(Beginning of THE RECORDS)

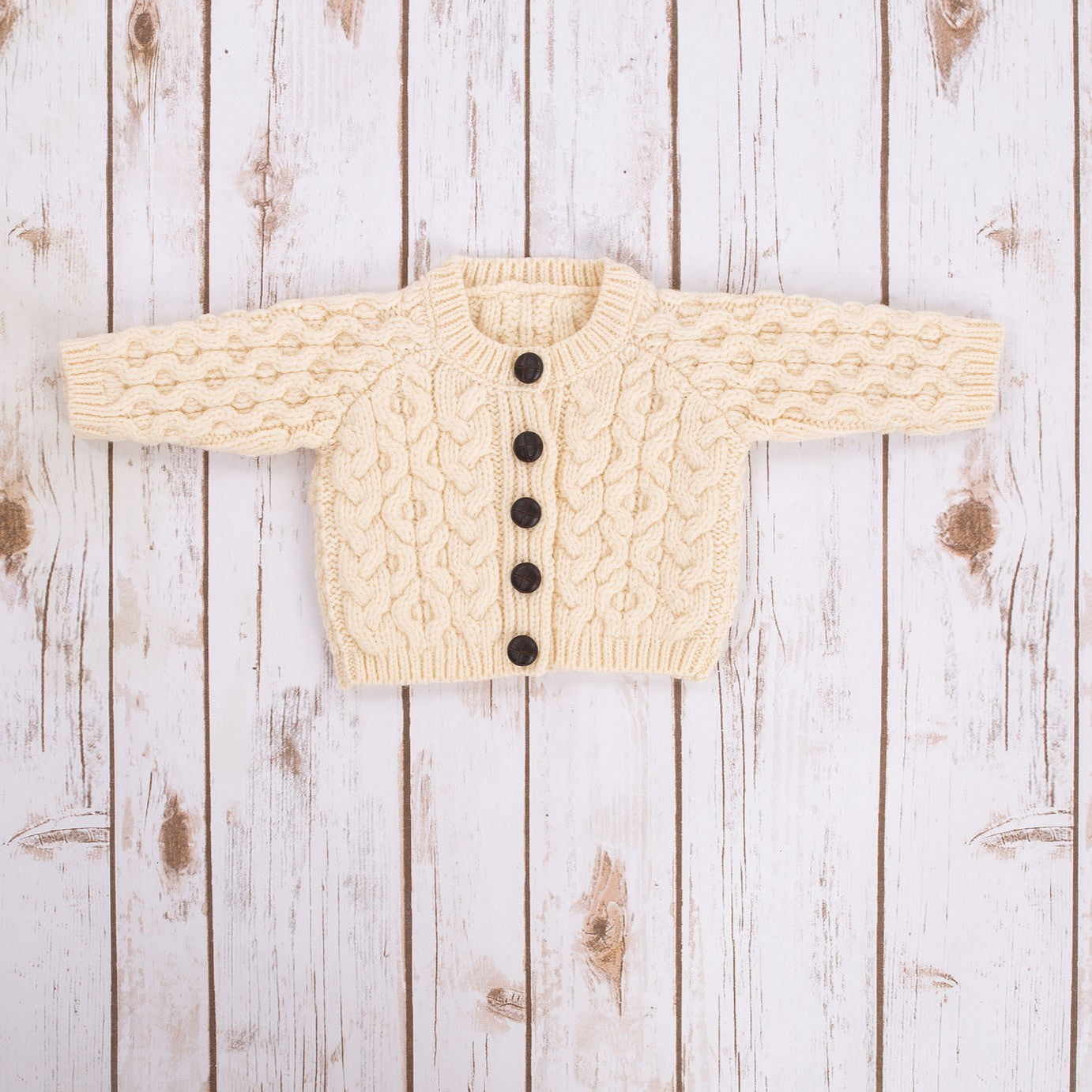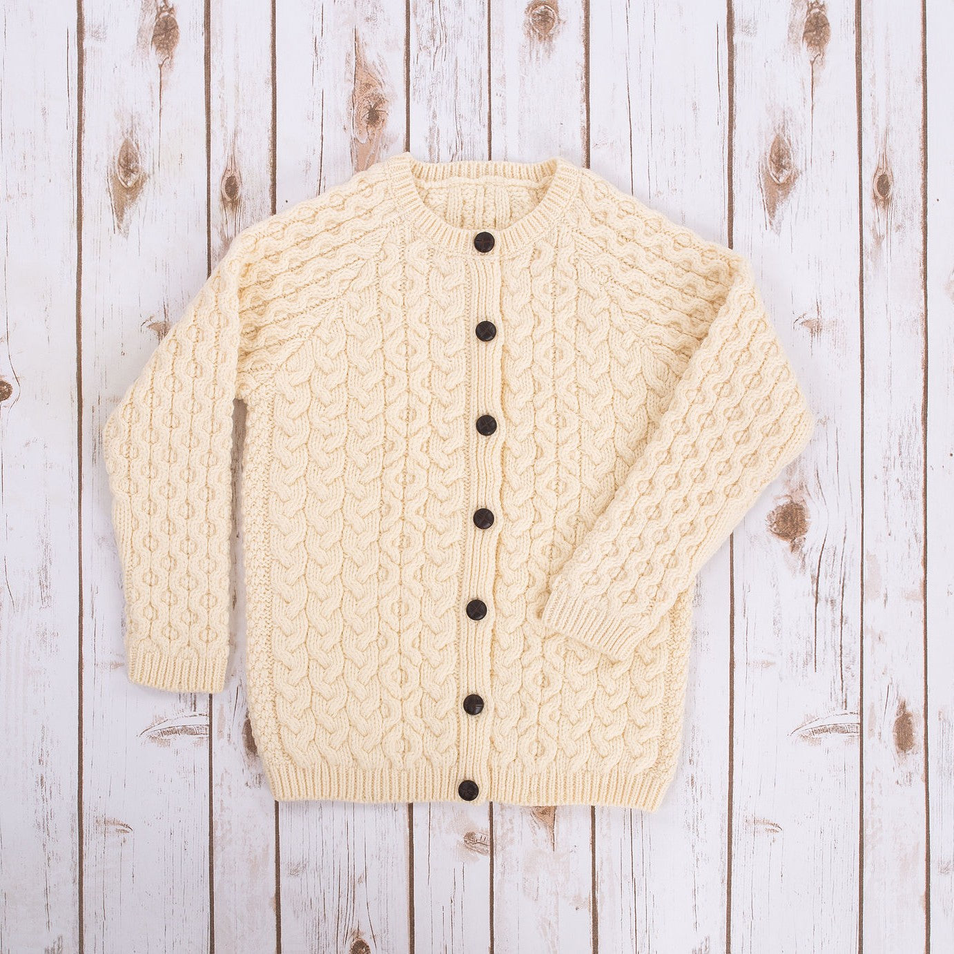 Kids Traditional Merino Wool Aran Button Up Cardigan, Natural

(End of THE RECORDS)
(Beginning of THE RECORDS)

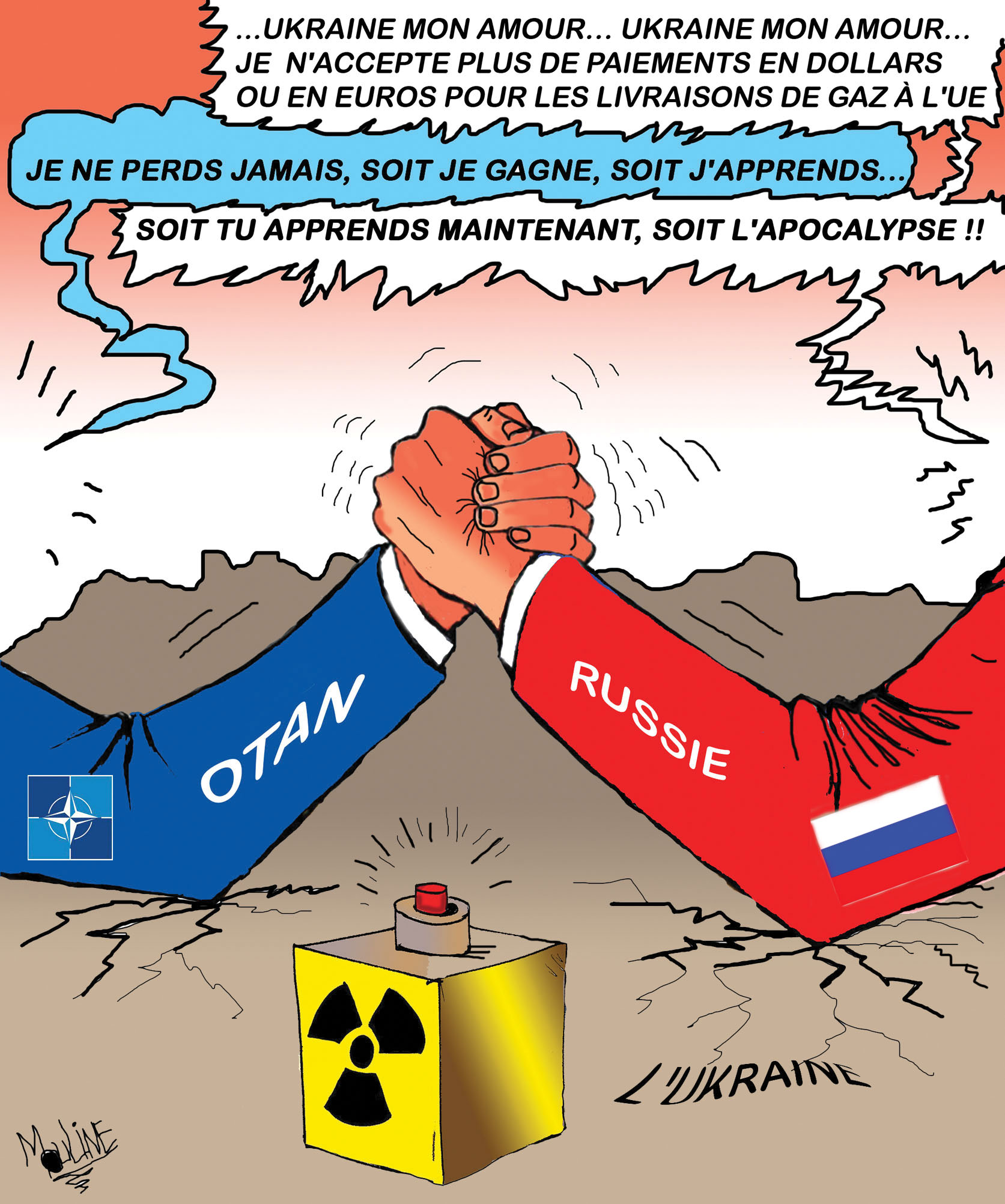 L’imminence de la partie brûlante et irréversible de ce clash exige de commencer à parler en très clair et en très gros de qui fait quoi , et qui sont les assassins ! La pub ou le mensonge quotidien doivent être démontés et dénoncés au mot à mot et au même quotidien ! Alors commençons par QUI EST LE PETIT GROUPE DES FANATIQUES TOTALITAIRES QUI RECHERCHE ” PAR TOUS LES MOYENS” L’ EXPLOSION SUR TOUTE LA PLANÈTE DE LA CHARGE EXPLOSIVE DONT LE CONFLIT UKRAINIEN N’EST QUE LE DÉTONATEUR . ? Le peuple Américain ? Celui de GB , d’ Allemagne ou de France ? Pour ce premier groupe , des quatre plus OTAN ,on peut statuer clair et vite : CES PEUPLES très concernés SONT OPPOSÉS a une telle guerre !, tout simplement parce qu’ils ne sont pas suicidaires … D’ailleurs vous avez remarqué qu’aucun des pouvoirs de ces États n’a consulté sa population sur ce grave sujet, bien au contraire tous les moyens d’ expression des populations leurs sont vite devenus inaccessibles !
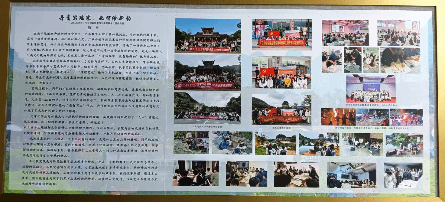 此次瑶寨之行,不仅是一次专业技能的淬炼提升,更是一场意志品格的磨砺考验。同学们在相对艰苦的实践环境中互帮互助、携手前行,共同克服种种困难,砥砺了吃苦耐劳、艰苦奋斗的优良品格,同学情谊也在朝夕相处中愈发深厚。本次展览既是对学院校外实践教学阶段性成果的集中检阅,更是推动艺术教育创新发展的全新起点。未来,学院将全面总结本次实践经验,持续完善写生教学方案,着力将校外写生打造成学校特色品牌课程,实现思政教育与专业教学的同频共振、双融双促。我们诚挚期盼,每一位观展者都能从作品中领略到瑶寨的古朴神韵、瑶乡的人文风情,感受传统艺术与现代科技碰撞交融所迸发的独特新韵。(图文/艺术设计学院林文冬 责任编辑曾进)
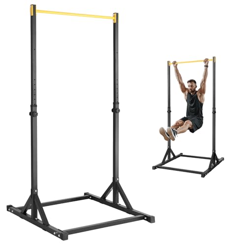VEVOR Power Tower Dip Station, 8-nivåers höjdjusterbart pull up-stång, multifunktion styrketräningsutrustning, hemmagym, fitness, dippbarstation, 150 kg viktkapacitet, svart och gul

(End of THE RECORDS)
(Beginning of THE RECORDS)

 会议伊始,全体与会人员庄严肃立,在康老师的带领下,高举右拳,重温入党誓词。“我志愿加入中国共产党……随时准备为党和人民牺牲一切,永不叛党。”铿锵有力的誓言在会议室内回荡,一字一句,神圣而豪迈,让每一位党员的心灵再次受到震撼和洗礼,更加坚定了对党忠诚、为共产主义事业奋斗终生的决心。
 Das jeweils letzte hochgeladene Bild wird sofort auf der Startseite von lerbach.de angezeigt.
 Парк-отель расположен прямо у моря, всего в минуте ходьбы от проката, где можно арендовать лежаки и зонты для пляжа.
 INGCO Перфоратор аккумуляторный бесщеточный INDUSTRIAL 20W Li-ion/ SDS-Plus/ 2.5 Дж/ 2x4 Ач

(End of THE RECORDS)

▸ ACTIVITY
Every line above from the one with "L’imminence de la" down to the one with "VEVOR Power Tower" must be written out exactly, and no picture may appear.

▸ ANSWER TO THIS TASK
 L’imminence de la partie brûlante et irréversible de ce clash exige de commencer à parler en très clair et en très gros de qui fait quoi , et qui sont les assassins ! La pub ou le mensonge quotidien doivent être démontés et dénoncés au mot à mot et au même quotidien ! Alors commençons par QUI EST LE PETIT GROUPE DES FANATIQUES TOTALITAIRES QUI RECHERCHE ” PAR TOUS LES MOYENS” L’ EXPLOSION SUR TOUTE LA PLANÈTE DE LA CHARGE EXPLOSIVE DONT LE CONFLIT UKRAINIEN N’EST QUE LE DÉTONATEUR . ? Le peuple Américain ? Celui de GB , d’ Allemagne ou de France ? Pour ce premier groupe , des quatre plus OTAN ,on peut statuer clair et vite : CES PEUPLES très concernés SONT OPPOSÉS a une telle guerre !, tout simplement parce qu’ils ne sont pas suicidaires … D’ailleurs vous avez remarqué qu’aucun des pouvoirs de ces États n’a consulté sa population sur ce grave sujet, bien au contraire tous les moyens d’ expression des populations leurs sont vite devenus inaccessibles !
 此次瑶寨之行,不仅是一次专业技能的淬炼提升,更是一场意志品格的磨砺考验。同学们在相对艰苦的实践环境中互帮互助、携手前行,共同克服种种困难,砥砺了吃苦耐劳、艰苦奋斗的优良品格,同学情谊也在朝夕相处中愈发深厚。本次展览既是对学院校外实践教学阶段性成果的集中检阅,更是推动艺术教育创新发展的全新起点。未来,学院将全面总结本次实践经验,持续完善写生教学方案,着力将校外写生打造成学校特色品牌课程,实现思政教育与专业教学的同频共振、双融双促。我们诚挚期盼,每一位观展者都能从作品中领略到瑶寨的古朴神韵、瑶乡的人文风情,感受传统艺术与现代科技碰撞交融所迸发的独特新韵。(图文/艺术设计学院林文冬 责任编辑曾进)
VEVOR Power Tower Dip Station, 8-nivåers höjdjusterbart pull up-stång, multifunktion styrketräningsutrustning, hemmagym, fitness, dippbarstation, 150 kg viktkapacitet, svart och gul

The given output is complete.